* TASK INPUT
********************
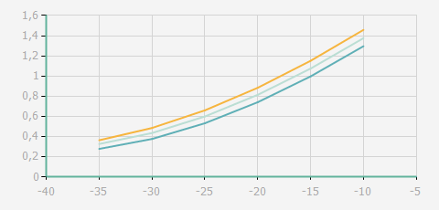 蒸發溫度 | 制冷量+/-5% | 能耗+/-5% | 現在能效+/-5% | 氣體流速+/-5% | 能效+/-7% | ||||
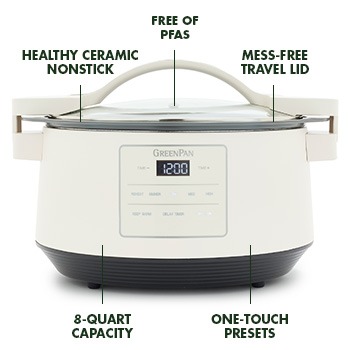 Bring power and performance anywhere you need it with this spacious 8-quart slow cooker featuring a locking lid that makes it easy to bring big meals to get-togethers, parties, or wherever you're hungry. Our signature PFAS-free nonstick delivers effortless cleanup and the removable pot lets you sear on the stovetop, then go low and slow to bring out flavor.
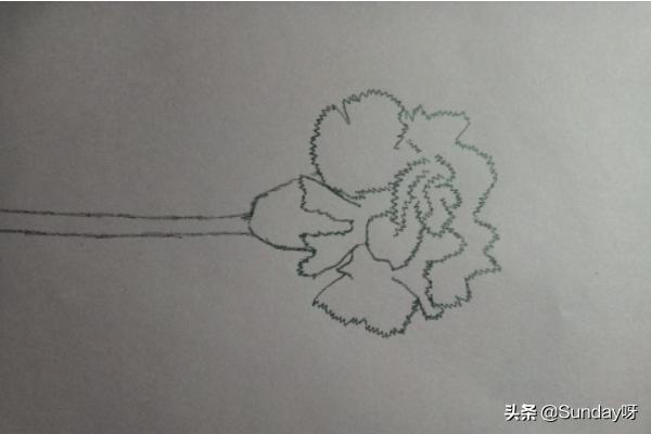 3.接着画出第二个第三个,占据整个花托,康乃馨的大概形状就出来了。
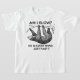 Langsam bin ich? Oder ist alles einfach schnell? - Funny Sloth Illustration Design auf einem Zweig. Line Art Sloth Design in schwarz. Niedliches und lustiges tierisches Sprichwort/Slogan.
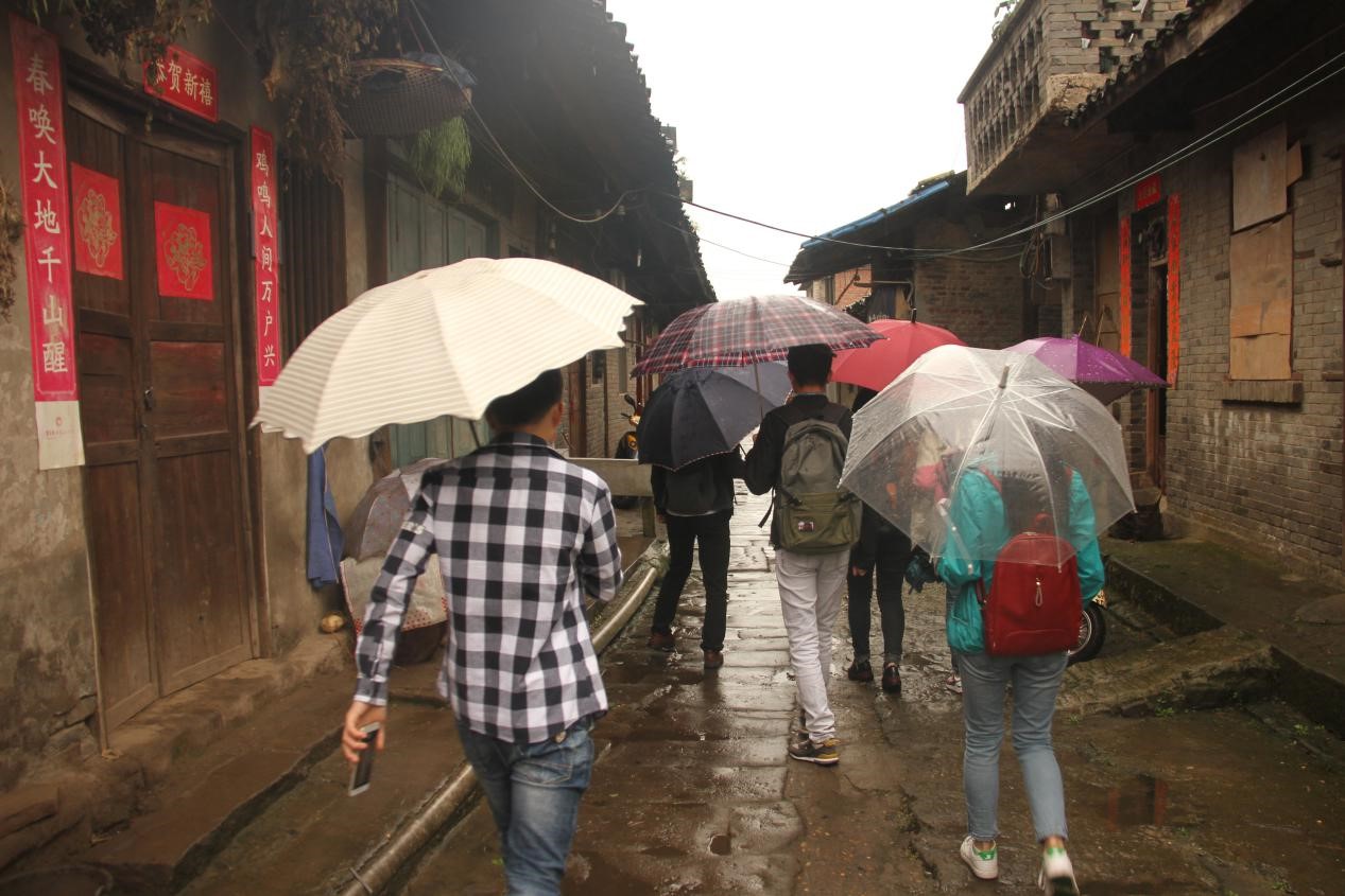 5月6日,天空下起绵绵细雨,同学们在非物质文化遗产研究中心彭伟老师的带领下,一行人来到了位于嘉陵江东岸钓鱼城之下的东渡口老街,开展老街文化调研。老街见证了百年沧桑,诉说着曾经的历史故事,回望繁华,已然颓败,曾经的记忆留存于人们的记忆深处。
********************
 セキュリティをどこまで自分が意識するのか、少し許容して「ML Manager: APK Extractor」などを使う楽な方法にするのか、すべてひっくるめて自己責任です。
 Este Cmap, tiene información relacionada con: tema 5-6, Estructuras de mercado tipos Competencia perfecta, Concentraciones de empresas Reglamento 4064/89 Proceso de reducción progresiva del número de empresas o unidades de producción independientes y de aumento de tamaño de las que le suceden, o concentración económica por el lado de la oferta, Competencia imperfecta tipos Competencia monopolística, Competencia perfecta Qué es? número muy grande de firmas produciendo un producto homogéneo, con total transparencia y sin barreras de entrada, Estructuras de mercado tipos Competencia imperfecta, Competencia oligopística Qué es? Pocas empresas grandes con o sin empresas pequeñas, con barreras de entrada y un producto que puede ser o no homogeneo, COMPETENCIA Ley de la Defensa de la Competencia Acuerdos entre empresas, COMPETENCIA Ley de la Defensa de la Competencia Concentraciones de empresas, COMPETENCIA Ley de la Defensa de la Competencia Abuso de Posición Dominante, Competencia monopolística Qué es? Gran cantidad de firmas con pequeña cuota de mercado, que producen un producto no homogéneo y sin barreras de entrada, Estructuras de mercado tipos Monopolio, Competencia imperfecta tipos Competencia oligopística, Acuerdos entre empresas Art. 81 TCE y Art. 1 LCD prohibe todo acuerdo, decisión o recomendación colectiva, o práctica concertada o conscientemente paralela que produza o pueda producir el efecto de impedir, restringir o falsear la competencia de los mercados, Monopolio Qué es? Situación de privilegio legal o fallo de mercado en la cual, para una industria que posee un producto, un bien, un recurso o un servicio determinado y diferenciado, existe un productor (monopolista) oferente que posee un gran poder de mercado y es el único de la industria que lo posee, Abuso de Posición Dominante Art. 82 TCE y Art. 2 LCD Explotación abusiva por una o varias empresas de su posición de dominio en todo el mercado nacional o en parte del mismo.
********************
* WORK TASK
Given the listing above, repeat exactly the lines starting at the one with "3.接着画出第二个第三个,占据整个花托,康乃馨的大概形状就出来了。" and ending at the one with "5月6日,天空下起绵绵细雨,同学们在非物", inclusive, excluding pictures.

* COMPLETED EXERCISE
 3.接着画出第二个第三个,占据整个花托,康乃馨的大概形状就出来了。
 Langsam bin ich? Oder ist alles einfach schnell? - Funny Sloth Illustration Design auf einem Zweig. Line Art Sloth Design in schwarz. Niedliches und lustiges tierisches Sprichwort/Slogan.
 5月6日,天空下起绵绵细雨,同学们在非物质文化遗产研究中心彭伟老师的带领下,一行人来到了位于嘉陵江东岸钓鱼城之下的东渡口老街,开展老街文化调研。老街见证了百年沧桑,诉说着曾经的历史故事,回望繁华,已然颓败,曾经的记忆留存于人们的记忆深处。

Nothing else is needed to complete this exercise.